Healthy squash casserole is so easy to make and so flavorful. This dairy free squash casserole is made with tender squash, rich, creamy sauce and a crunchy cracker topping that is a great side dish for dinner or as a side to your holiday meals.
Chop the onion, slice the squash into 1/4 inch slices.
Preheat a skillet over medium heat. Spray with olive oil or avocado oil spray. Add onion and cook 3-4 minutes.
Add 1/2 of the sliced squash to the skillet with the onions along with 1/4 tsp salt. Stir occasionally, cooking 7-10 minutes.
After 7-10 minutes, spoon the vegetables out of the skillet into the 9X13 casserole dish.
Spray the skillet with olive oil or avocado oil and add the rest of the squash and 1/4 tsp salt to the skillet. Stir occasionally and cook 7-10 minutes.
While the squash is cooking, rinse and drain the white beans. Add the rinsed beans to a high speed blender with the rest of the dairy free sauce. Blend on high 30 seconds - 1 minute.
After the squash is done cooking, spoon the rest to the casserole dish. Pour the dairy free sauce over the cooked vegetables and stir well.
Crush the crackers and sprinkle them over top of the vegetables.
Bake in 425F oven for 15 minutes.
Notes
Top tips
Use any of your favorite summer squash in this recipe for vegan squash casserole. You can use zucchini, yellow summer squash or patty pan squash or a combination of any of these.

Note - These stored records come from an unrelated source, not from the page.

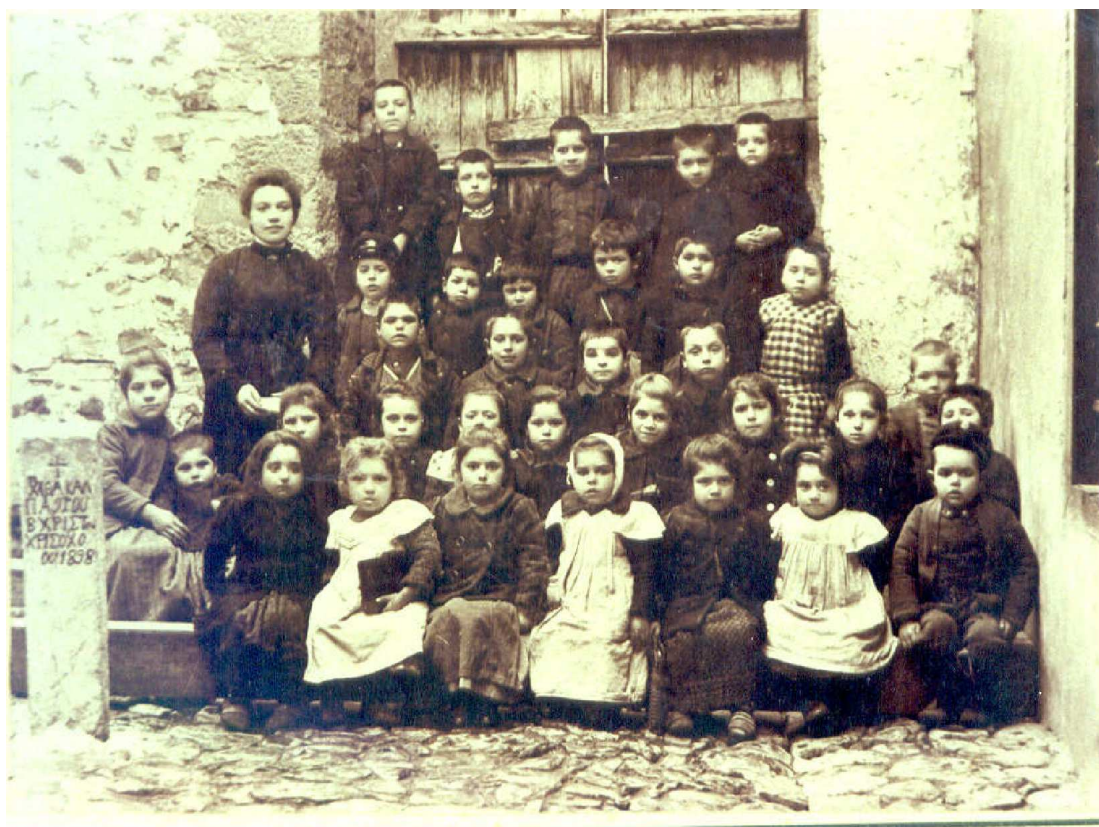
1 ο Τμήμα του εν Στενημάχω Νηπιαγωγείου του Τσιποχωρίου, 1903-04

Νόμος ΒΤΜΘ/1895 «Περί της στοιχειώδους ή δημοτικής εκπαίδευσεως» και Διάταγμα αρ. 68/1896 «Περί συστάσεως νηπιαγωγείων»: Αναγνωρίζεται ο θεσμός του νηπιαγωγείου, το δικαίωμα και οι προϋποθέσεις των ιδιωτών να συστήνουν νηπιαγωγεία, στα οποία να διδάσκουν πτυχιούχοι νηπιαγωγοί. Ορίζεται η ηλικία εισόδου σε αυτά και ο σκοπός της προσχολικής εκπαίδευσης: «σωματική και η πνευματική του παιδός επίρρωσις δια παιδιών, ασκήσεων και ευμεθόδου διδασκαλίας των στοιχείων των εφεξής εν τοις δημοτικαίς σχολαίς διδασθησομένων μαθημάτων». Τέλος, καθορίζεται η εφαρμοζόμενη παιδαγωγική και το ωρολόγιο πρόγραμμα.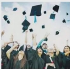
COLAÇÃO DE grau: empregabilidade

> ESPECIALISTAS apontam que o movimento de busca pelo nível técnico caiu com o nível superior mais acessível, já que a educação à distância facilitou o acesso físico e também reduziu custos dos cursos.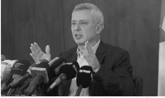
فرنجية خلال مؤتمره الصحافي

٢٠ وزيراً، عدم مشاركتنا يفسر بأنه تهرب من المسؤولية ومن الوقوف الى جانب الحلفاء. وأنا أقول أفق الى جانبيكم وأنا لا أبتر أحداً بل أحافظ على كرامتي، وأحافظ على كرامة الناس التي أمثلها لذلك يجب أن أرضي ضميري، وعندما أرضي ضميري أرضي الناس. في الوزارات قلنا وزارة درجة فالثلة ورابعة لا نريد، نحن طلبنا عمل بيئة ثقافة وليس دفاع أو نائب رئيس حكومة. إعملوا الحكومة ١٠ وزراء اذا أردتم، كل طلبنا كان أن نبقى خارجاً ونعطي الثقة»، مشدداً على «أنا لا نتهرب بل نقف الى جانب حلفائنا بكل الظروف ونحن نريد أن نكون الى جانب رئيس الجمهورية لأنه بحاجة الى حلفاء حقيقيين وليس الى ناس تكسر له مشروعه، بحاجة الى اصدقاء يقفون معه في المرحلة».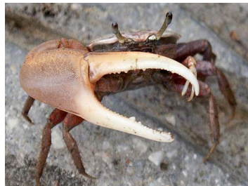
6 Uca sp. (Macho)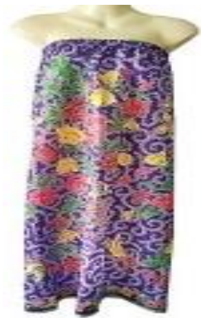
ผ้านุ่งอาบน้ำ

Be sure to cut the squash to a similar thickness to ensure they cook evenly. You want to cut the squash to about ¼ inch thickness. I don’t recommend a mandoline for this because it will actually cut the squash too thin.
Sauté the squash for 7-10 minutes first before assembling the dish, to ensure the casserole doesn't get watery when cooking. Summer squash and zucchini squash have a lot of water in the squash which if it’s not cooked out in advance, it will seep out in the casserole. Also the casserole will take longer to cook (40-50 minutes, covered) to get the squash soft in the oven.
The sauce will look thin when you are mixing up the dish. However, it will thicken as it cooks in the oven.
What else can you use instead of crackers for topping?
Breadcrumbs (panko or regular breadcrumbs)
Almond flour breadcrumbs (1 cup almond flour + 1 tablespoon olive oil and 1/2 teaspoon salt)
Crushed up cereal like Chex rice cereal
Storing leftovers
Fridge: Store leftover summer squash casserole in the fridge for up to 5 days in an airtight container. You can make this up to 2 days in advance (wait to put the cracker topping on until right before serving). Bake in a 425 oven for 20 minutes, cold from the fridge.
Freezer: You can freeze zucchini squash casserole for up to 3 months. Be sure to wrap the casserole dish in plastic wrap and foil before freezing. Defrost in the fridge overnight or cook through in the oven at 350F for 45-50 minutes until completely warmed through.